Сережка нервно пригладил назад свой черный чубик и, встав из-за стола, прошелся к окну, выходившему на Первомайский проспект. Внизу, возле подъезда противоположного дома, стояли в ряд немецкие автомашины.
- Открывают банк, - процедил Сережка сквозь зубы.
- Я больше не прошу, - предупредила Ляля капризно.
Сережка, глядя в окно поверх дома, начал своим хрустальным тенорком:
Ранец возьму на плечи,
В карман бумаги лист,
Пойду, неизвестный предтеча,
В ветреный дикий свист.
Пойду я за дали морские,
В нездешние страны пойду,
Туда, где дома городские
Не рушатся в дымном аду.
Сережка оглянулся на Лялю. Она слушала. Тогда, еще выше подняв голову, он продолжал:
Невольничье солнце серо
Светит в моем краю.
Тигры или пантеры
Примут меня в семью.
Презрев человека и зверя,
В джунглях построю вигвам,
В единого бога веря,
Которого выдумал сам.
Закончив читать, Сережка снова оглянулся на Лялю. Девушка смотрела на него насмешливо.
- Далеко же ты собрался, друг, - сказала она иронически. - Бежать, значит, надумал?
- Не бежать, а идти!
- Это софистика. Главное, от кого уходить? Не от самого ли себя?
- От фашистов! - твердо сказал Сережка.
- От них ты, наверное, недалеко убежишь. Догонят. Не успеешь построить свой вигвам "среди тигров бурых".
- Ляля! Я прошу тебя: не иронизируй!
- Я не иронизирую. Скажи, Сережка, ты это серьезно: "полон презренья ко всему"? Неужели ты решил отречься… от всего?
- От чего "от всего"? - не понял сначала Сережка.
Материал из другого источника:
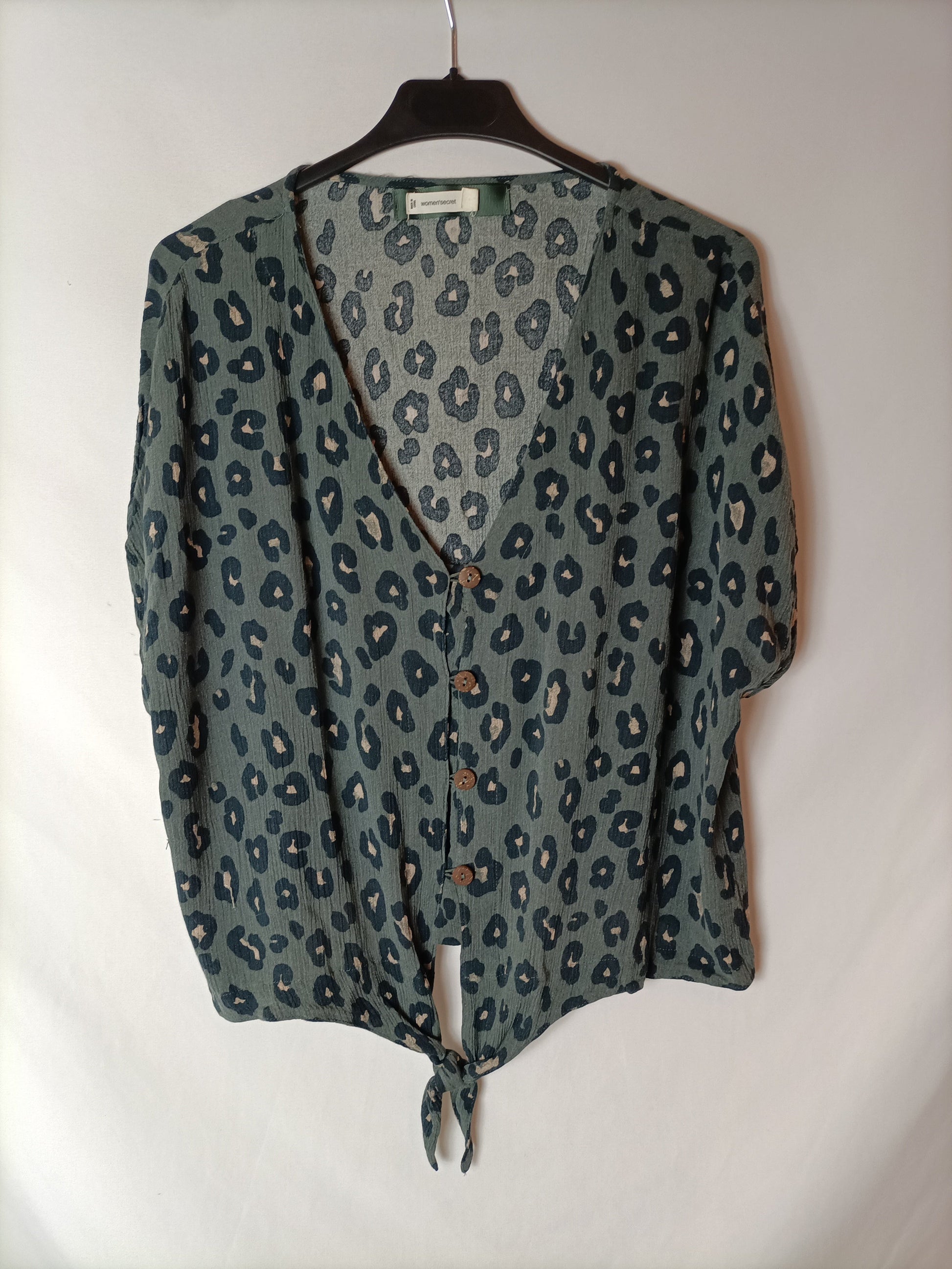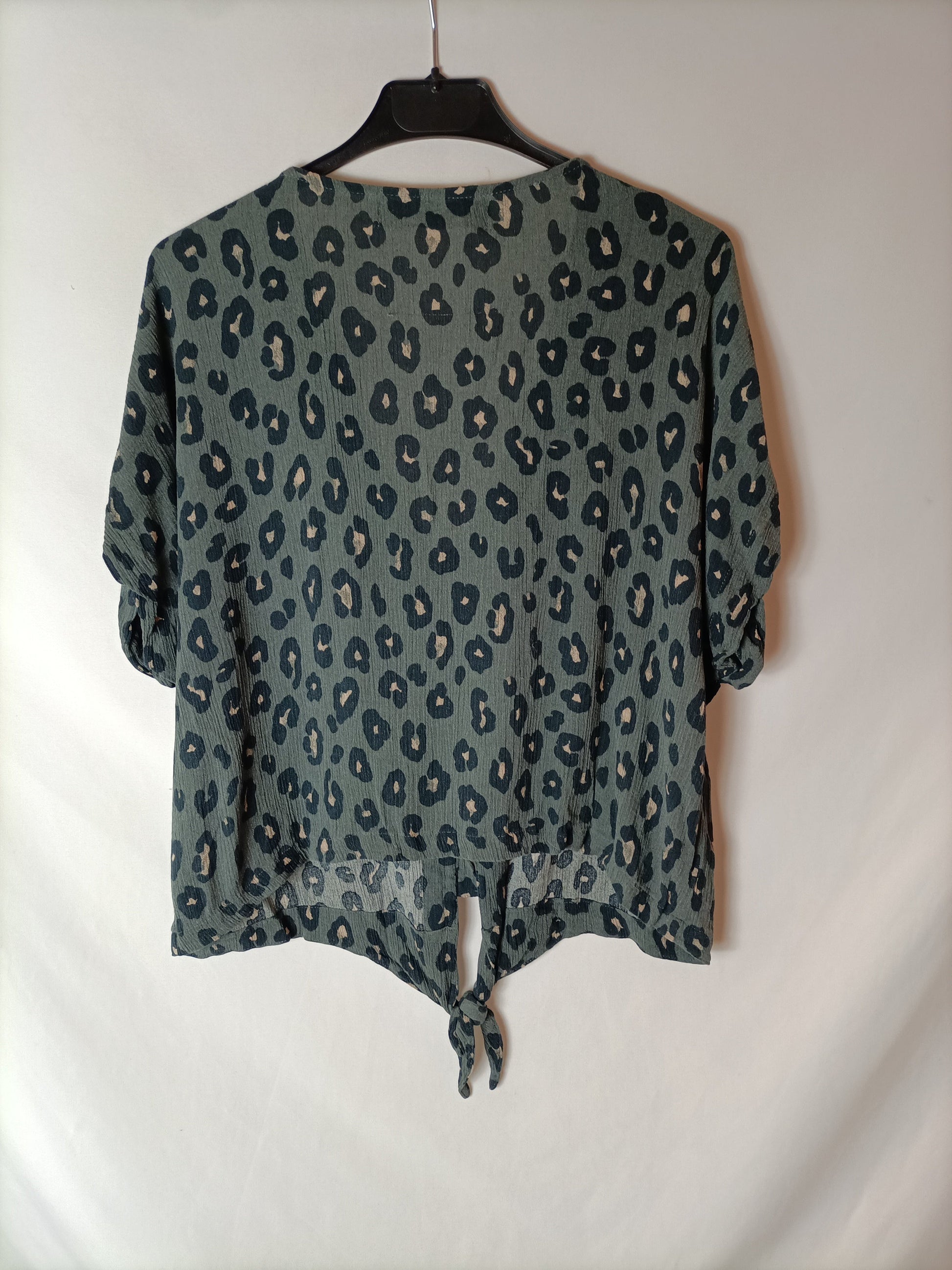 top verde fluido con estampado animal print detalle de lazada delantera.

- От всего, что было. От нашего. Ты, наверное, готовясь в дорогу, уже и комсомольский билет порвал?
- Что? - остолбенел Ильевский. - Не смей со мной так разговаривать, Ляля! Не смей!..
Нервным движением он резко отвернулся от нее и снова остановился у окна. Ветер гонял по улицам листву. Низко над городом катились серые валуны туч.
Сережка стоял, ссутулившись, и обиженно молчал, не поворачиваясь к Ляле. Она встала и пошла к нему, Ласково положила руки ему на плечи, заглянула в лицо юноше. Глаза его были полны слез.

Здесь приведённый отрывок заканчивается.